For the next several hours, she couldn’t get settled. She was panting and drooling from fear or confusion. Then something beautiful happened. She took a deep sigh and laid her head down heavily on my right hand. Soon she was fast asleep, unbuckled in a Honda Element, barreling down the highway faster than she’d ever gone, to a place she’d never been.
I didn’t move my hand for almost a hundred miles. Even in those desolate surroundings, she knew I loved her and would protect her at significant cost to myself. It touched me to see how much my dog was counting on me to be a good man; how much she trusted me.I’ve been reflecting on that ride for the last several weeks. Bali’s journey is not unlike my journey with God. Although He knows exactly where we’re going, it’s lost on me. I have no idea why certain events happen each day — I mostly just feel like I’m along for an out-of-control ride. Sometimes it feels like things are occurring because of something I did wrong. The road goes mostly through deserts, it’s uncomfortable and cramped, there are way too many stops that look like Blythe, and we’re going really fast and I’m not wearing a seat belt.

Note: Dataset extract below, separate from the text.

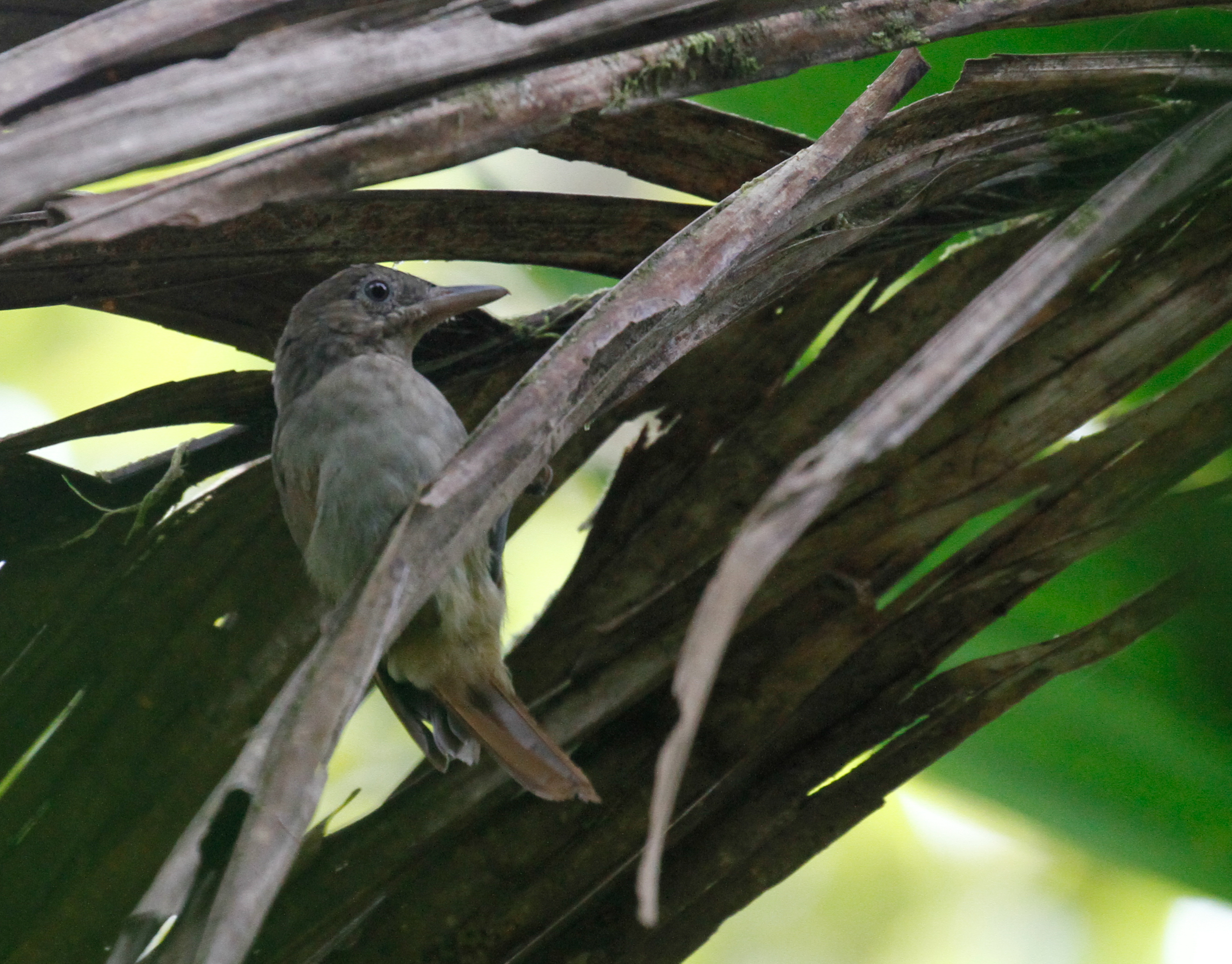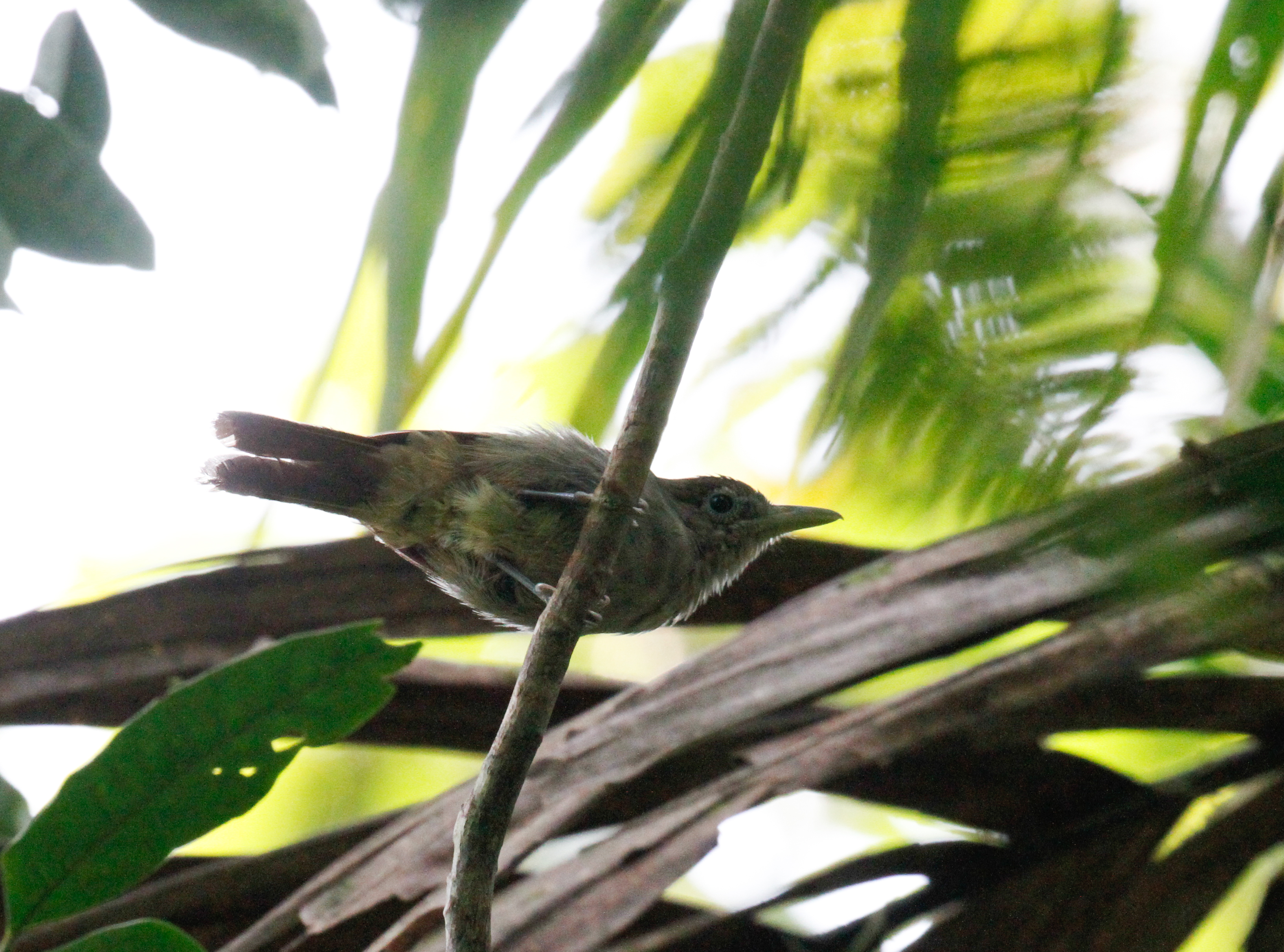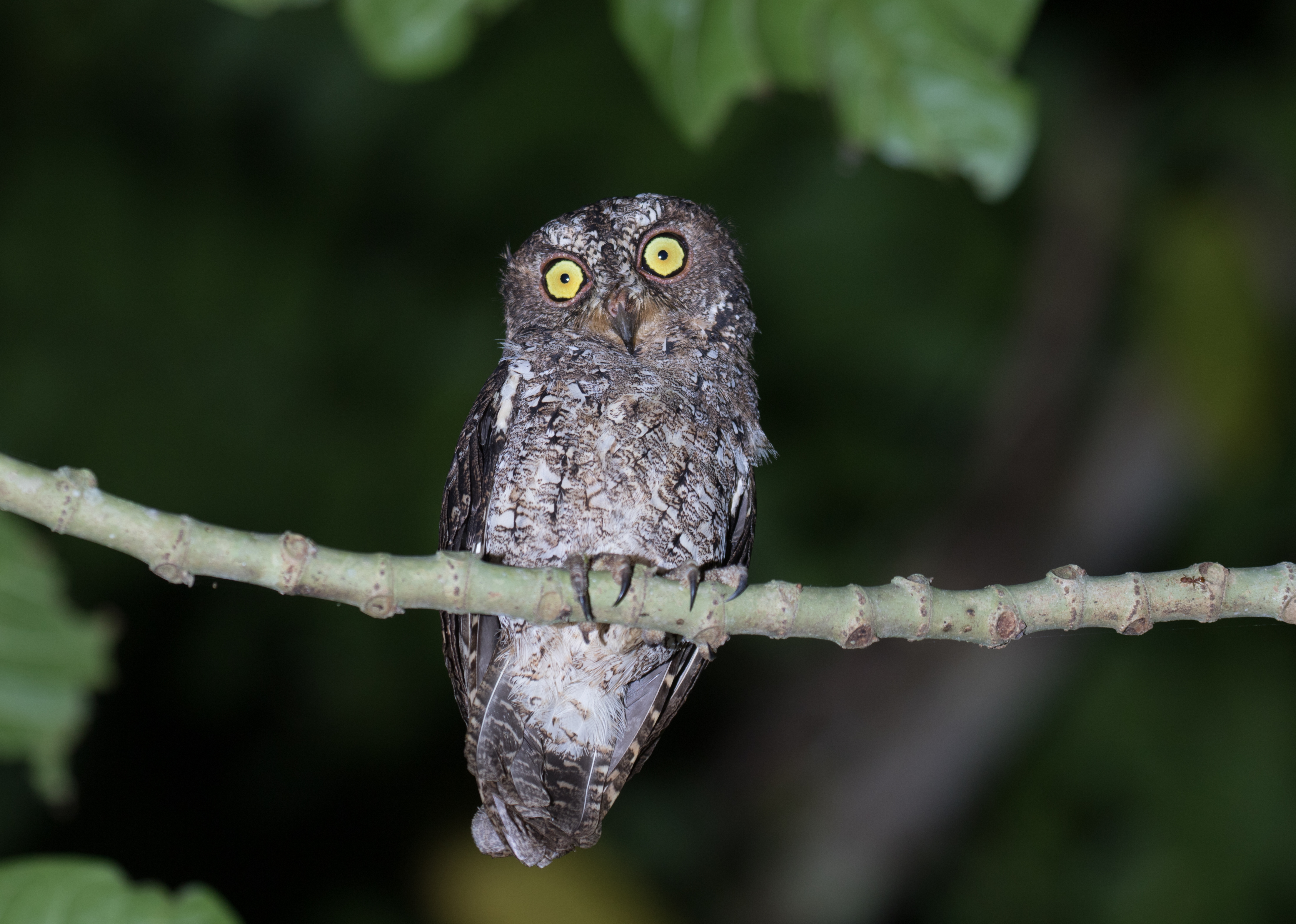 We continued walking and soon reached the top of the mountain around 860m elevation. We ate a small lunch and started walking around exploring the top. There were no views from the top, but the green moss covered trees towering above us were enough of a sight! Believe it or not (and I’m sure you will since I’ll be including a photo) we had sightings of a single Sangihe Whistler, another of the targets that we weren’t sure would even be around! We were very fortunate to have amazing weather on our visit up the mountain. We spent a bit more time wandering the trail and decided we should start birding back down before it got dark. On the way back down we had sightings of Elegant Imperial-Pigeon and more Elegant Sunbirds before catching up with yet another Sangihe Whistler! This time the bird posed in the open for photos and we watched for several minutes as the bird hunted and successfully retrieved a moth from a dead piece of palm matter. It was definitely neat to see! We tried again for the golden bulbul but no such luck. When we made it back to Rainbow Loseman Homestay, we decided to try for Sangihe Scops-Owl and it wasn’t long before we heard one call. We spent a bit of time watching and photographing a cooperative Sangihe Scops-Owl before calling it quits for the night.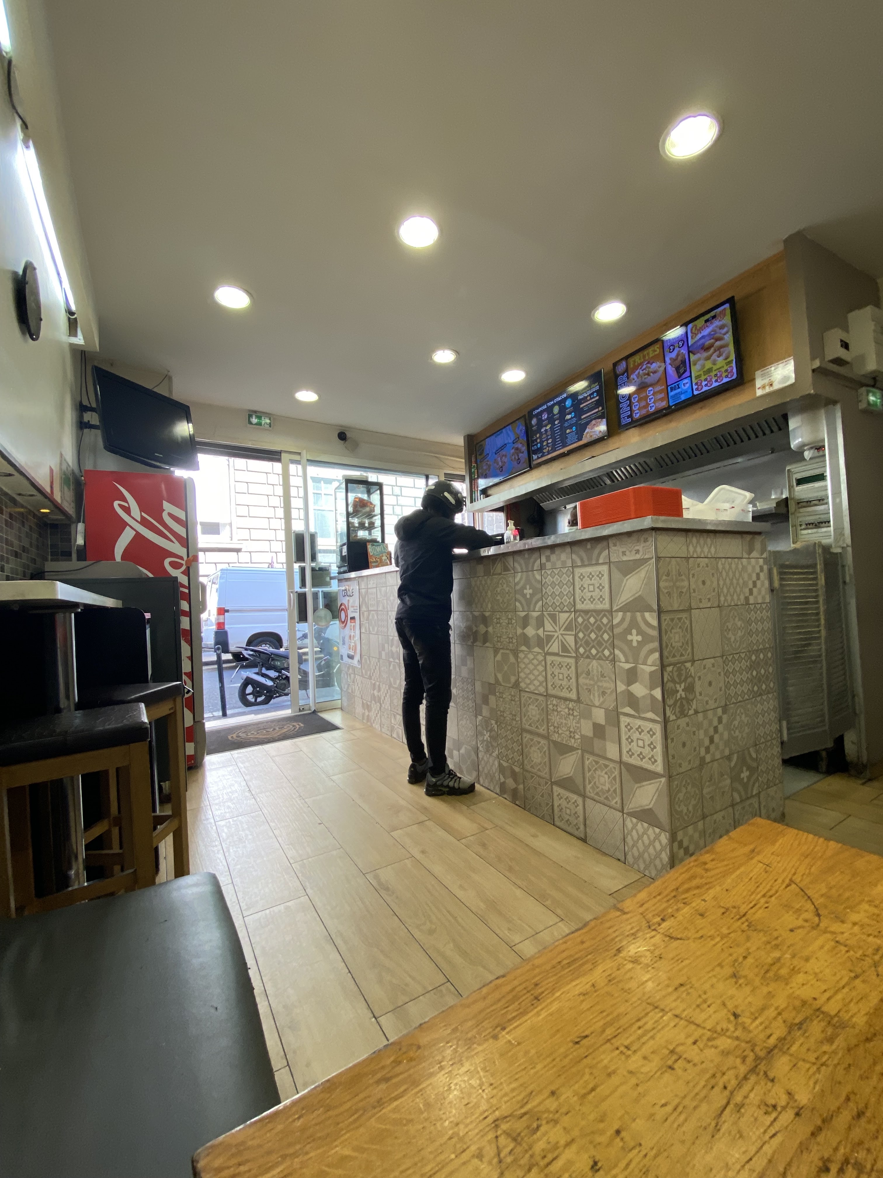 Endroit excentré , ruelle sombre , boutique minuscule et personnel qui ne parle limite pas le français , après j'ai pas du tout aimé le tacos mais ça ça reste subjectif quoi ! On aime le concept ou pas !

Much of the time I’m panting and sighing out of confusion and fear, and all I’ve got going for me most of the time is this dogged conviction that He is good and He is not playing a game with my heart — that He knows exactly where I’m going, and at some point in the trip, I will get to watch a sunset with my family on some beach. So finally, I lay my head upon His hand. And He doesn’t move it. Those are the times I am at peace. Those are the times I rest and enjoy life, even though everything around me is chaotic. I’m pretty sure my trust touches God’s heart too.